*Problem:* From the top of the entries, reproduce each line exactly, stopping after the line that contains "миска для домашних". Omit pictures.

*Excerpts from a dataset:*
= = = =

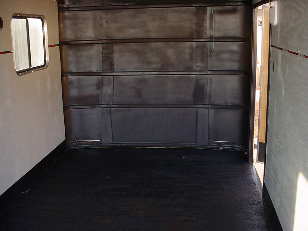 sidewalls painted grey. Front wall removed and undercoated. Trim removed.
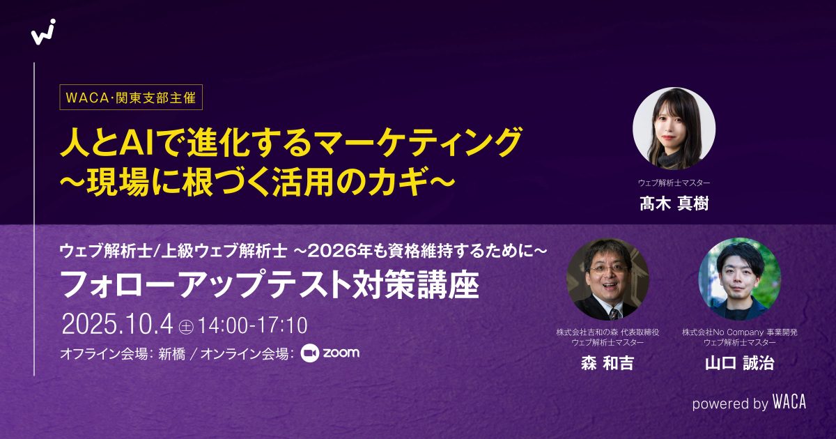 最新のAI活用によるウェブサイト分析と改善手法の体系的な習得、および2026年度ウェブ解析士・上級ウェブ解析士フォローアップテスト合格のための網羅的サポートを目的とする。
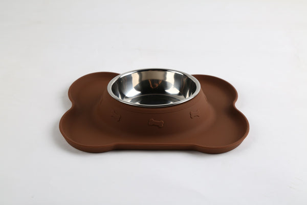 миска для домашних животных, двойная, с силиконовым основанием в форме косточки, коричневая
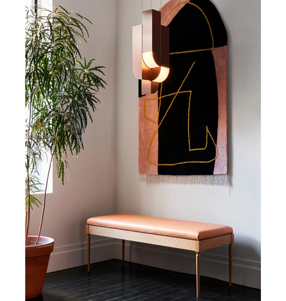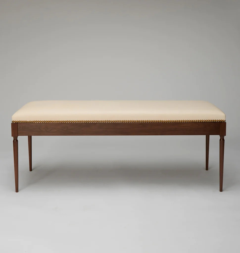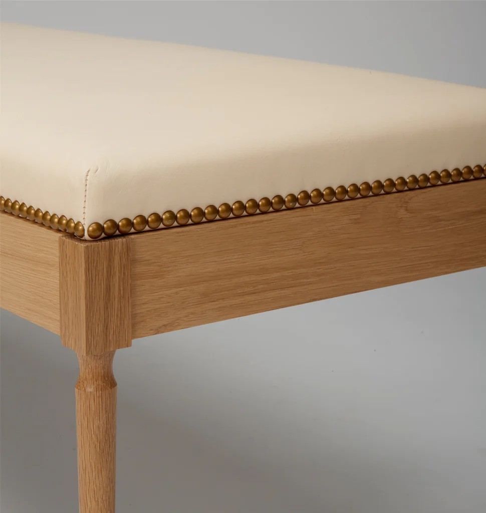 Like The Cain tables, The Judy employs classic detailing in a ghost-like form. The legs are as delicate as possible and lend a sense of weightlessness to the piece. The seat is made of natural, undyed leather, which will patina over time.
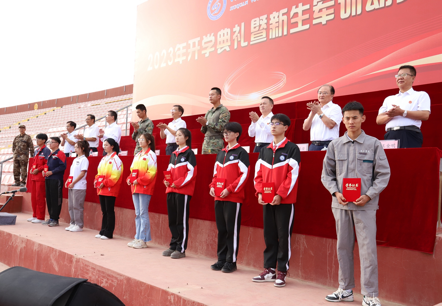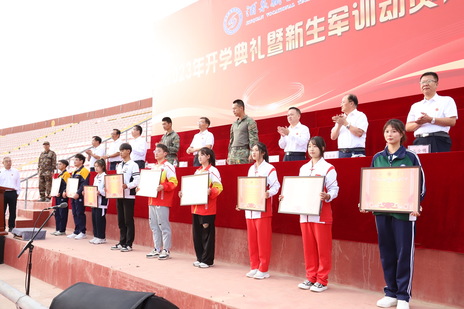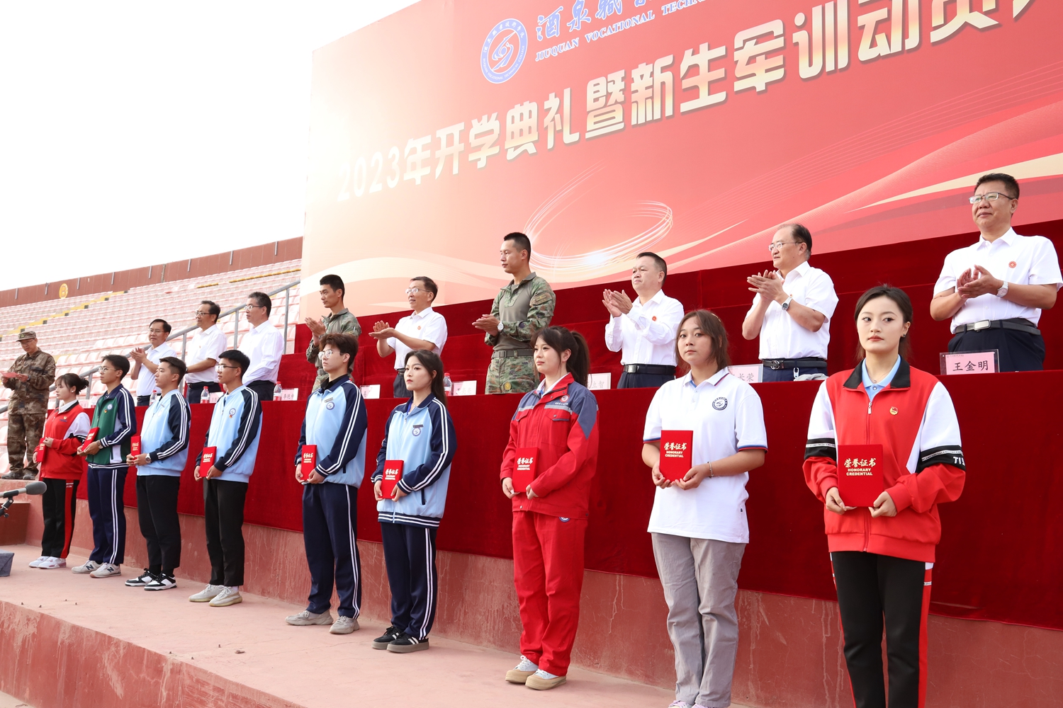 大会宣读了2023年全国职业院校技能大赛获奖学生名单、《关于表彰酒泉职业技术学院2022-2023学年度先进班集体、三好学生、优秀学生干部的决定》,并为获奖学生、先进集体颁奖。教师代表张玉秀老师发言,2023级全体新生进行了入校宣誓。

= = = =

*Result of the exercise:*
 sidewalls painted grey. Front wall removed and undercoated. Trim removed.
 最新のAI活用によるウェブサイト分析と改善手法の体系的な習得、および2026年度ウェブ解析士・上級ウェブ解析士フォローアップテスト合格のための網羅的サポートを目的とする。
 миска для домашних животных, двойная, с силиконовым основанием в форме косточки, коричневая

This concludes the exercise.